TASK – Leaving out every picture, please repeat exactly the line that contains "7月7日上午,北京市第八十中" and each line after it through the final line below.

SOURCE MATERIAL –
Start of Block
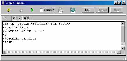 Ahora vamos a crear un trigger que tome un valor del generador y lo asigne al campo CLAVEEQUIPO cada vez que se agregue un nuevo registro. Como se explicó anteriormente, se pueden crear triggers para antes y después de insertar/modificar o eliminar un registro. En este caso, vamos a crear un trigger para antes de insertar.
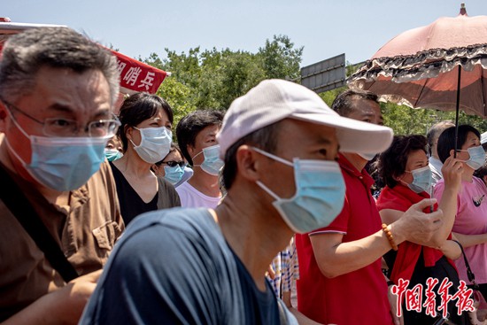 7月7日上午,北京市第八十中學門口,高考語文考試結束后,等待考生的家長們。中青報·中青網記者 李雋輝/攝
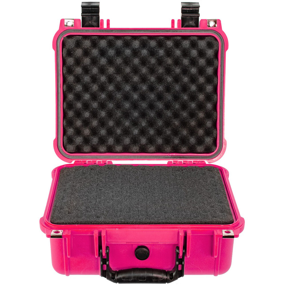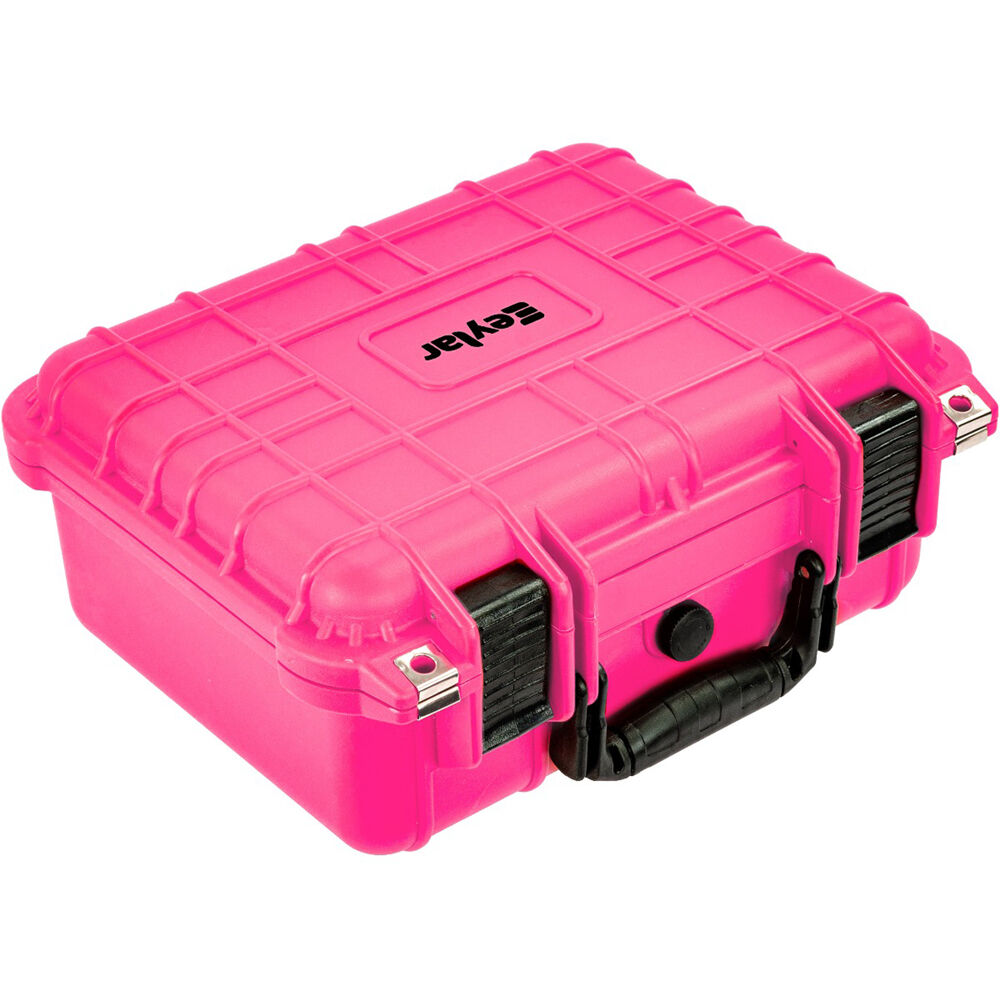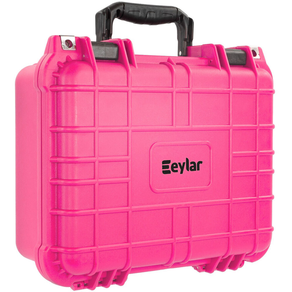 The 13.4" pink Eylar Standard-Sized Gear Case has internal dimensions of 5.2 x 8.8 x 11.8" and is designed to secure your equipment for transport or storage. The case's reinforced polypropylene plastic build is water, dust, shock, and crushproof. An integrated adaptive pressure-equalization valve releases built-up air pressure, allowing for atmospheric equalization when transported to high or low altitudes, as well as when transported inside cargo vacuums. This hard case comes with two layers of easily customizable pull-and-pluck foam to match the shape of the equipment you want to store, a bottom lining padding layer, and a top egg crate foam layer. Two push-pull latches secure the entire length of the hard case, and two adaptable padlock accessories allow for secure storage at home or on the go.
End of Block
RESPONSE BOX –
 7月7日上午,北京市第八十中學門口,高考語文考試結束后,等待考生的家長們。中青報·中青網記者 李雋輝/攝
 The 13.4" pink Eylar Standard-Sized Gear Case has internal dimensions of 5.2 x 8.8 x 11.8" and is designed to secure your equipment for transport or storage. The case's reinforced polypropylene plastic build is water, dust, shock, and crushproof. An integrated adaptive pressure-equalization valve releases built-up air pressure, allowing for atmospheric equalization when transported to high or low altitudes, as well as when transported inside cargo vacuums. This hard case comes with two layers of easily customizable pull-and-pluck foam to match the shape of the equipment you want to store, a bottom lining padding layer, and a top egg crate foam layer. Two push-pull latches secure the entire length of the hard case, and two adaptable padlock accessories allow for secure storage at home or on the go.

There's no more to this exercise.